Brown talks tough on tax
Gordon Brown, the shadow Chancellor, yesterday sought to reclaim his authority over Labour's tax plans with a ringing assertion of his right not to set out detailed rates.
In an attack on accountants and tax advisers for "peddling lies" about Labour's plans, he read the riot act to his Shadow Cabinet colleagues, reminding them not to engage in public speculation about tax.
Leading firms of accountants, including KPMG and Ernst & Young, recently advised clients to take action to avoid possible higher rates of tax on incomes above pounds 40,000 a year under a Labour government. "People would be better gambling on the lottery than on the random advice coming from some of these sources," Mr Brown said.
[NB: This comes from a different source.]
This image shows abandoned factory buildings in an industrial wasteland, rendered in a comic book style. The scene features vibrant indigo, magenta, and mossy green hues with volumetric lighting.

Brian Mawhinney, the Tory party chairman, said: "If Mr Brown doesn't like it he has a simple remedy - he should publish the tax plans and be damned."
Douglas Fairbairn, national tax partner of Ernst & Young, responded to the criticism by saying that, without firm tax proposals from Labour, "some degree of educated guesswork is inevitable".
"Until Labour publish firm proposals, we have a duty to our clients to take Labour's published statements and try to make sense of them. Some degree of educated guessing is inevitable and we haven't disguised that."
Mr Brown's speech, to a business audience in London, was also aimed at his own party. Tax advisers' guesswork appeared to be supported by remarks from Clare Short, Labour's transport spokeswoman, and John Prescott, deputy leader, in recent weeks.
Ms Short and Mr Prescott were backed by Roy Hattersley, former deputy Labour leader, who said their comments on tax "were blown up into stories in part because of the instinctive malice of some newspapers but Labour's reluctance to talk about tax provided them with the opportunity."